Based on the Statutes, although the Society of St George was a political and honorary body, Charles infused the ideals of chivalry into the Society promoting them among the lesser nobles of his kingdom and implementing the classic symbol of chivalry, the knights' tournament, in Hungarian festivals of chivalry. Unlike the ecclesiastical Orders of the period, members of the Society wore a black, knee-length, hooded mantle, bearing not an heraldic device but an inscription: 

The Statutes were written in Latin, the language of learned writing in Hungary before the 19th century, and are about 1700 words long, in the form of letters patent. Suspended from the document was the great seal of the Society with the classic iconic representation of St George mounted on a horse slaying the dragon under the horse's hooves as shown on the right. The document is currently housed in the Országos Levéltar (National Archives of Hungary), DL. 40 483. There are a number of transcriptions and translations of the Statutes, facilitating study.

In Hungary, the twentieth century foundation the Order of Vitéz was based upon the Order of St. George, but the Knightly Order Valiant of St George re-emerged in its own right after the fall of communism in 1989.

Modern times 
The Order continues to exist today as the International Knightly Order Valiant of St. George (commonly simply referred to by the original name, the Order of St. George). The Order has charitable status in the UK as Registered Charity No. 1137397, in the USA as a 501(c)3 non-profit organisation, and with the United Nations as an organisation with Special Consultative Status with the UN Economic & Social Council (ECOSOC) since 2015.

Current classes 
The four classes of appointment to the Order are, in descending order of precedence:

 Grand Cross of the International Knightly Order Valiant of St.

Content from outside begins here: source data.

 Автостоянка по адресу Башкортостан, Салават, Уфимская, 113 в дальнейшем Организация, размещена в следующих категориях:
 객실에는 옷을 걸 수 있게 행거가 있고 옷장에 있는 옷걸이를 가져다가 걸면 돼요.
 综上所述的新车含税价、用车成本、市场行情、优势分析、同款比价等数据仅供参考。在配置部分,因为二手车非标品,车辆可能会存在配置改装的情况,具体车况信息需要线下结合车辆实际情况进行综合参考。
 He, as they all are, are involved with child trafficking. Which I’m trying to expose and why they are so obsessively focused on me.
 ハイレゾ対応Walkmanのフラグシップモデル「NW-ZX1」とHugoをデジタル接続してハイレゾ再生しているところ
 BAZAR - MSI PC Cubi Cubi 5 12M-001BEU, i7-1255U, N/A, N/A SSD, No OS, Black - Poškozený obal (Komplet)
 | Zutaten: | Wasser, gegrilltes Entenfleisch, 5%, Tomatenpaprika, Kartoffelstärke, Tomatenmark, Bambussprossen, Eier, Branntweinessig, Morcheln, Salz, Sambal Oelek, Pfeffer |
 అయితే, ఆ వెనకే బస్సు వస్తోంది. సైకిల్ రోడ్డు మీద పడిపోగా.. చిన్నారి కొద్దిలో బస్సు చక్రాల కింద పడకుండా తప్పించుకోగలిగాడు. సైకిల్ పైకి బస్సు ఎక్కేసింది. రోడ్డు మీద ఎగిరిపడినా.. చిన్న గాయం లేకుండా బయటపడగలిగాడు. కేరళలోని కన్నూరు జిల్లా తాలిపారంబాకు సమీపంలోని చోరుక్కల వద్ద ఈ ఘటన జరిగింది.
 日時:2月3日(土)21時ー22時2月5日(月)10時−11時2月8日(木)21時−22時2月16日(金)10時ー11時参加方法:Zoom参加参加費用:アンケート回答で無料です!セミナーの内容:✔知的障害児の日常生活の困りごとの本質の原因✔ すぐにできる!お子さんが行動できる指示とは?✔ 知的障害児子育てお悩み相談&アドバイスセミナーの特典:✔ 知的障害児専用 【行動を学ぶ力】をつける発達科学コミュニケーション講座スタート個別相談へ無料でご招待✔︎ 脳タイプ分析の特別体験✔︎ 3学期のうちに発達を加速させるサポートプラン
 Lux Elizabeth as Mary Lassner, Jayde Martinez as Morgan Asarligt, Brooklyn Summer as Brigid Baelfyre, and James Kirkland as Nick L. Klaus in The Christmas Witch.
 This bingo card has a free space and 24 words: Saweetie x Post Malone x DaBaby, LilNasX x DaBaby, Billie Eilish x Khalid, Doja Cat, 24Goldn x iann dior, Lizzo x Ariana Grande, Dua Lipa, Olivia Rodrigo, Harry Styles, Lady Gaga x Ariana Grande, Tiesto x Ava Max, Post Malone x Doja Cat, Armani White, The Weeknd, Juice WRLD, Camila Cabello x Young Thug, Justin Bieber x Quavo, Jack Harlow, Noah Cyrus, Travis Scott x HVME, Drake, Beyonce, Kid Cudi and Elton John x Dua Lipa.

George (GCStG)
 Knight/Dame Commander of the International Knightly Order Valiant of St. George (KCStG/DCStG)
 Knight/Dame of the International Knightly Order Valiant of St. George (KStG/DStG)
 Officer of the International Knightly Order Valiant of St. George (OStG)
 Squire of the International Knightly Order Valiant of St. George (EsqStG)

References

Further reading
 Fügedi, Erik: Ispánok, bárók, kiskirályok (Counts, Barons and Petty Kings); Magvető Könyvkiadó, 1986, Budapest; .
 Kristó, Gyula (editor): Korai Magyar Történeti Lexikon - 9-14. század (Encyclopedia of Early Hungarian History - 9-14th centuries)''; Akadémiai Kiadó, 1994, Budapest; .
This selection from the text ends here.